Action item: Your answer should hold exactly the lines below from the line with "Printed Document, 1" through the line with "Nicely decorated 2", both included, and no pictures at all.

Extracted information:
***

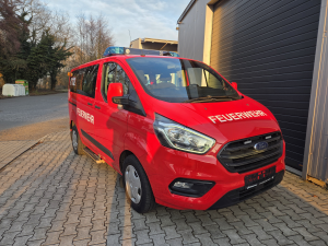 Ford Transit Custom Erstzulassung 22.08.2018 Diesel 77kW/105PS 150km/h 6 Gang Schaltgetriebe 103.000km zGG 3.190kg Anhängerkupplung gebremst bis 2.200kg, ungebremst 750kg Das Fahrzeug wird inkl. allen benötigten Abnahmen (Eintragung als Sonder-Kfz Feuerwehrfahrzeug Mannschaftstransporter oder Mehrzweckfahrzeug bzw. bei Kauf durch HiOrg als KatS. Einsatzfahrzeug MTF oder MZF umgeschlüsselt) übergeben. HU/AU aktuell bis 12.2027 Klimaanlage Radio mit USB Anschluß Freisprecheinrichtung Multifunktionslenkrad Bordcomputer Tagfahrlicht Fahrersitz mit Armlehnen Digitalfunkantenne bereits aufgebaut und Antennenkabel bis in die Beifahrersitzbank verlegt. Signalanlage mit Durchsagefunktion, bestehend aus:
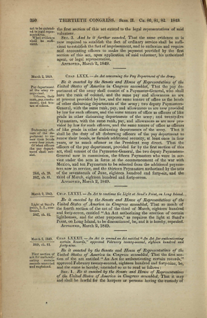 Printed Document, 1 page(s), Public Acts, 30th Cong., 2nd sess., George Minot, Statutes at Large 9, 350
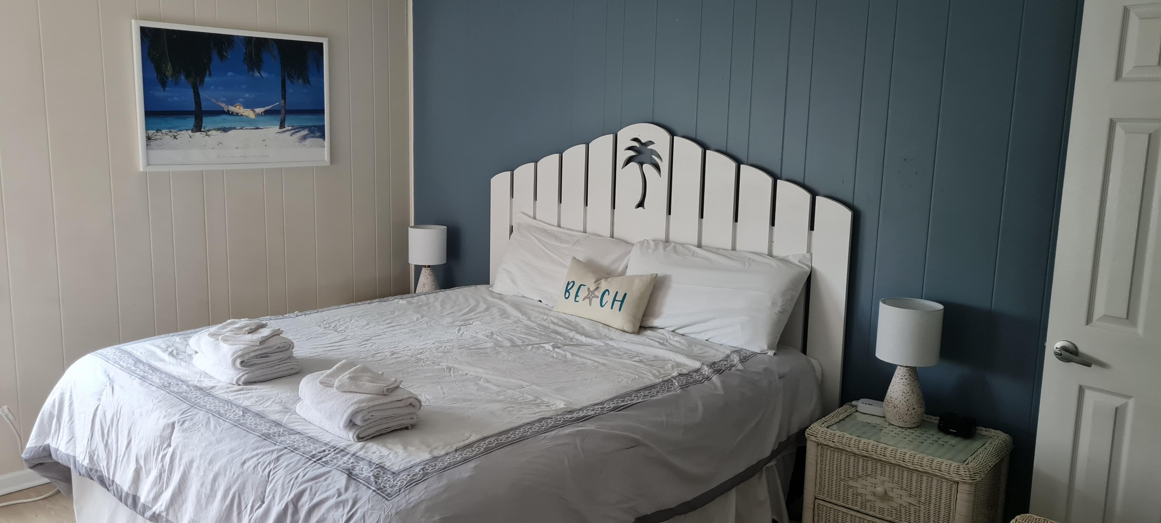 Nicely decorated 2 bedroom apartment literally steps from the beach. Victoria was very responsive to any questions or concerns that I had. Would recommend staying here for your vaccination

***

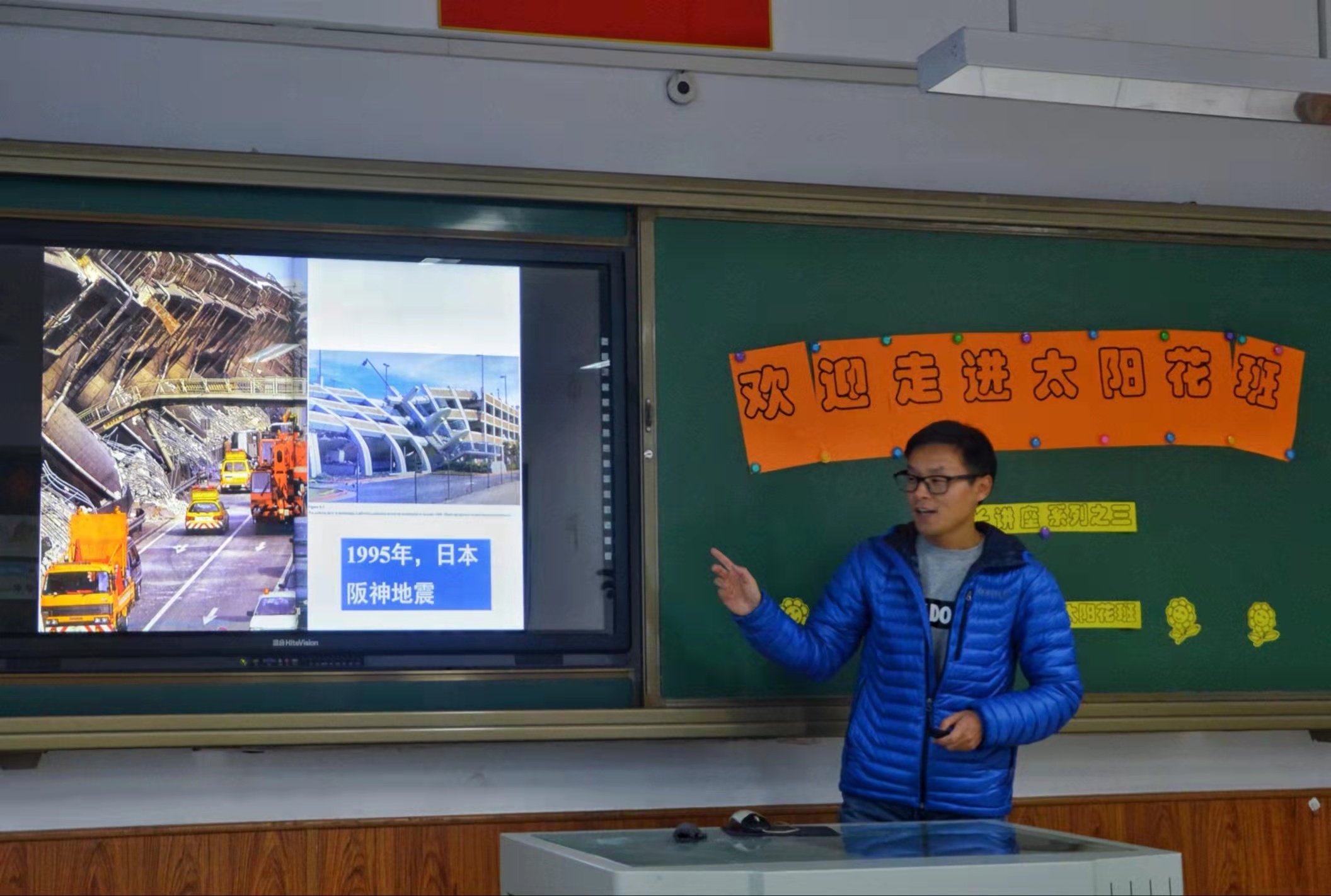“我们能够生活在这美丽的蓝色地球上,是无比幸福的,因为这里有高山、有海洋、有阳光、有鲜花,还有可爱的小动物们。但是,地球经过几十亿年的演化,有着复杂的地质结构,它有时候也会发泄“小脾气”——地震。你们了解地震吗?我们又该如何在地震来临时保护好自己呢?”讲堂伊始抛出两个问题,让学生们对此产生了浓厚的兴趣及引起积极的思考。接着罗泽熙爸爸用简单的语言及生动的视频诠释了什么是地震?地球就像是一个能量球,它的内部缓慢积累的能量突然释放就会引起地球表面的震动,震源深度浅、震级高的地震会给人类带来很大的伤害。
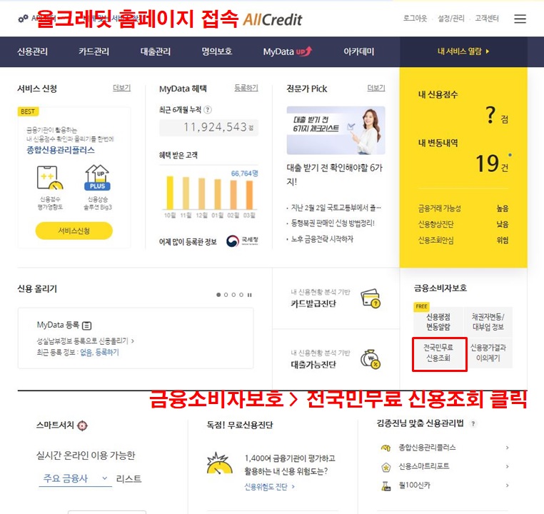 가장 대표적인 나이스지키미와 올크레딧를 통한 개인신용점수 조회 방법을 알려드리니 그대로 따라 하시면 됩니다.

***

Output of the task:
 Printed Document, 1 page(s), Public Acts, 30th Cong., 2nd sess., George Minot, Statutes at Large 9, 350
 Nicely decorated 2 bedroom apartment literally steps from the beach. Victoria was very responsive to any questions or concerns that I had. Would recommend staying here for your vaccination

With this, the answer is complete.